There are a couple reasons:
Language models form a striking ability to enhance and expand human cognition. I’ve noticed that often the AI acts as a mirror or amplifier of thought, taking nascent ideas and intuitions and helping me unfold them into something more substantial and intertextual. It’s allowed me to quickly explore speculations and ideas and dive into them with increasing levels of resolution with the AI. It’s been a remarkable tool for augmenting thought, especially when paired with reflective writing, as I’ve attempted to do in this Substack series.
There is a perspective of language models acting as a kind of conduit with the collective unconscious—as they’ve been trained on the vast corpus encompassing a wide selection of human ideas and expressions—that can be tapped into through the right prompts. This allows one to explore archetypes that cut across cultures, expand on questions of transhumanism and human-AI symbiosis, and so on, that can be deftly explored with the AI model. It’s a kind of epistemic scaffold for accessing enduring ideas and underlying structures of thought. In other words, a great tool for those curious about the worlds of ideas that shape human thinking and its trajectories.
The limits and limitations of these models remain relatively unknown. While there is a growing body of research that studies the models’ capabilities on structured tasks, taking this rich machino-graphic approach has helped me cultivate a more refined mental model of the language model and its drawbacks and limitations. I’ve seen the human-AI interaction break down in numerous ways, and gotten a much better appreciation for what kinds of prompts work in getting to the desired outcome.
The joy of exploration. The strange attractors that pull many minds to seek knowledge and truth are well at work in my own explorations. There is a draw to know what can be uncovered in the depths of the language model, setting off on dialectic adventures using the model as a companion for exploring ideas and bringing incipient intuitions that I have into greater resolution. Surely much can be said for setting off on similar voyages of the mind in archives and libraries (and indeed I do so as well), but there is something about the instantaneous feedback of this approach that remains uniquely captivating (and also something to be skeptical about).

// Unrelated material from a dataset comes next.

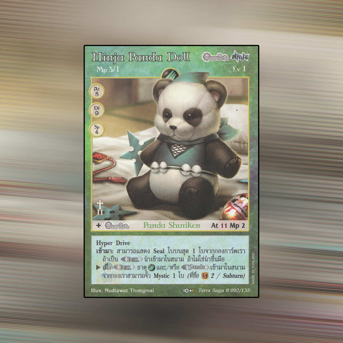 เป็นการ์ดเกม Summoner Master OG ในชุด Terra Saga II นี้จะมีการ์ดทั้งหมด 132 แบบ Ninja Panda Doll เป็น Seal Card ธาตุ Wind เผ่าพันธุ์ Machine Musician หมายเลข 92 ระดับการค้นหา Common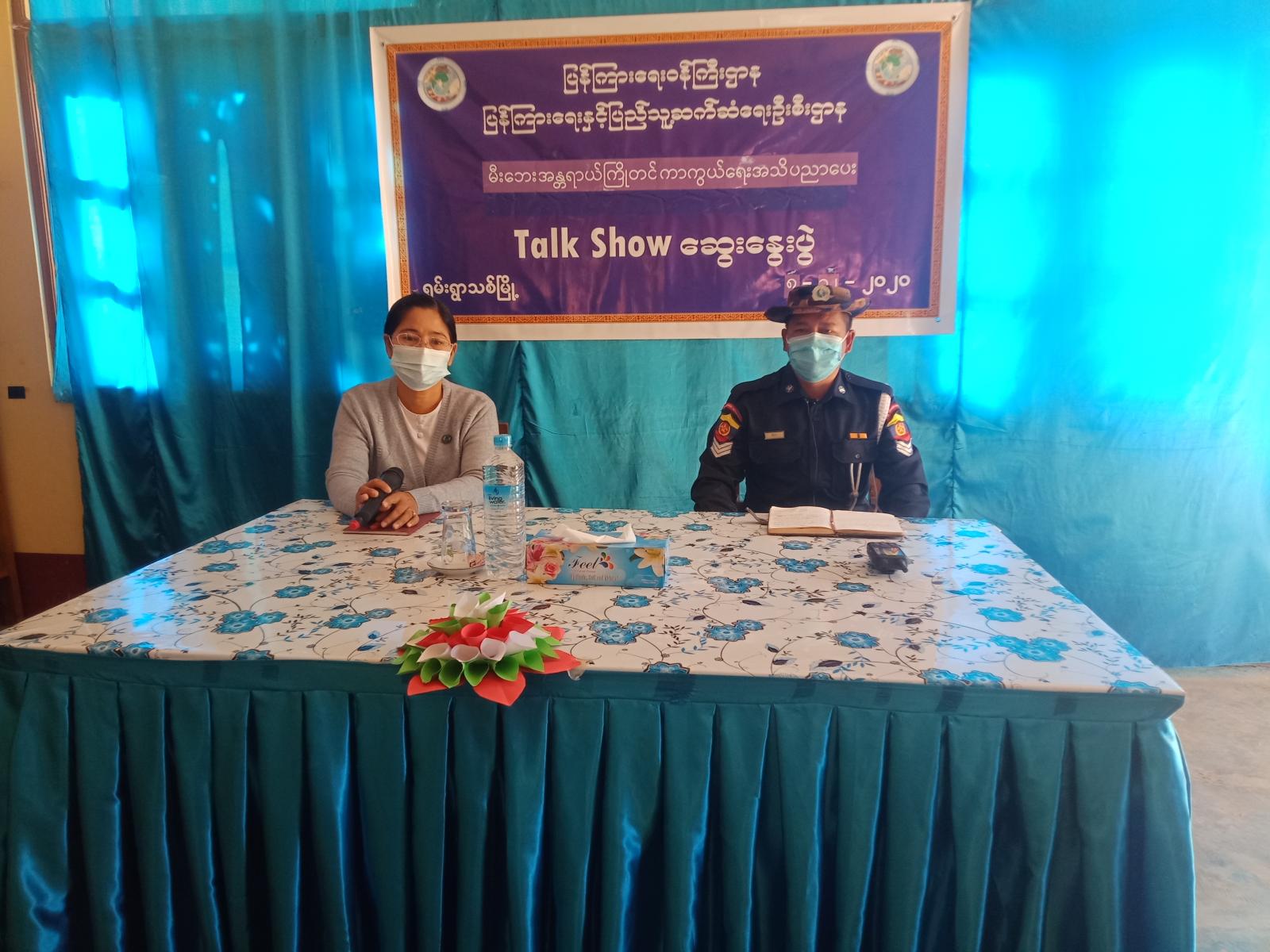 ဆွေးနွေးပွဲတွင် ပြန်ကြားရေးနှင့်ပြည်သူ့ဆက်ဆံရေးဦးစီးဌာန မြို့ဦးစီးမှူး ဒေါ်အေးအေးနွဲ့က ပြည် သူများအနေဖြင့် နွေရာသီပွင့်လင်းရာသီရောက်ပြီဖြစ်၍ မီးဘေးအန္တရာယ်ကြိုတင်ကာကွယ်ရေးကို သိရှိနိုင်ရန်အတွက် အသိပညာပေး(Talk Show)ဆောင်ရွက်ရခြင်းနှင့် ပတ်သက်၍ ရှင်းလင်းပြောကြားပြီး မြို့မီးသတ်ဦးစီးဌာနမှ တာဝန်ခံတပ်ကြပ်ကြီး ဦးရီဝင်းက မီးသတ်ဦးစီးဌာန၏ ရည်ရွယ်ချက်များ၊ မီးဘေးအန္တရာယ် ကြိုတင်ကာကွယ်ရေးအတွက် ဆောင်ရွက်ရမည့်အချက်များ၊ မီးသတ်ဆေးဘူး အသုံးပြုပုံ နည်းလမ်းများ၊ မီးဘေးအန္တရာယ် ကြိုတင်ကာကွယ်ရေး လုပ်ငန်းများ၊ မီးဘေးအန္တရာယ် ကြိုတင် ကာကွယ်ရန်အတွက် ကြိုတင်ပြင်ဆင်ဆောင်ရွက်ရမည့် အကြောင်းအရာများ လက်ရှိဆောင်ရွက်နေသည့် အခြေအနေများ စသည့်မီးဘေး အန္တရာယ်နှင့်ဆိုင်သော သိကောင်းစရာများကို ရှင်းလင်းဆွေးနွေးခဲ့ကြောင်း သိရှိရသည်။

Creating a new semiotics. Perhaps a loftier ambition than the Substack will allow for, but the goal would be to use insights from speaking with language models, how they refract, reflect, and compose language to make new kinds of meaning, to scaffold new semiotic understandings. In my, albeit initial readings of De Saussure, Derrida, and CS Pierce, they don’t seem to fully grapple with what it means for machines to create meaning and the differences between human and synthetic language. Indeed, an account of neural media must grapple with the semiotic angle.
Creating a community of thought that centers AI not as a tool of capitalist exploitation, but as a liberatory and epistemic device. How can we use the cognitive enhancement afforded by AI not to be more productive, but to create new worlds and ways of seeing ourselves and our role in the environment? How can explorations with AI scaffold access to deep archetypes that might raise a potential for bringing some degree of unity and solidarity to how we perceive the world, while respecting its inherent richness of diversity and differentiation?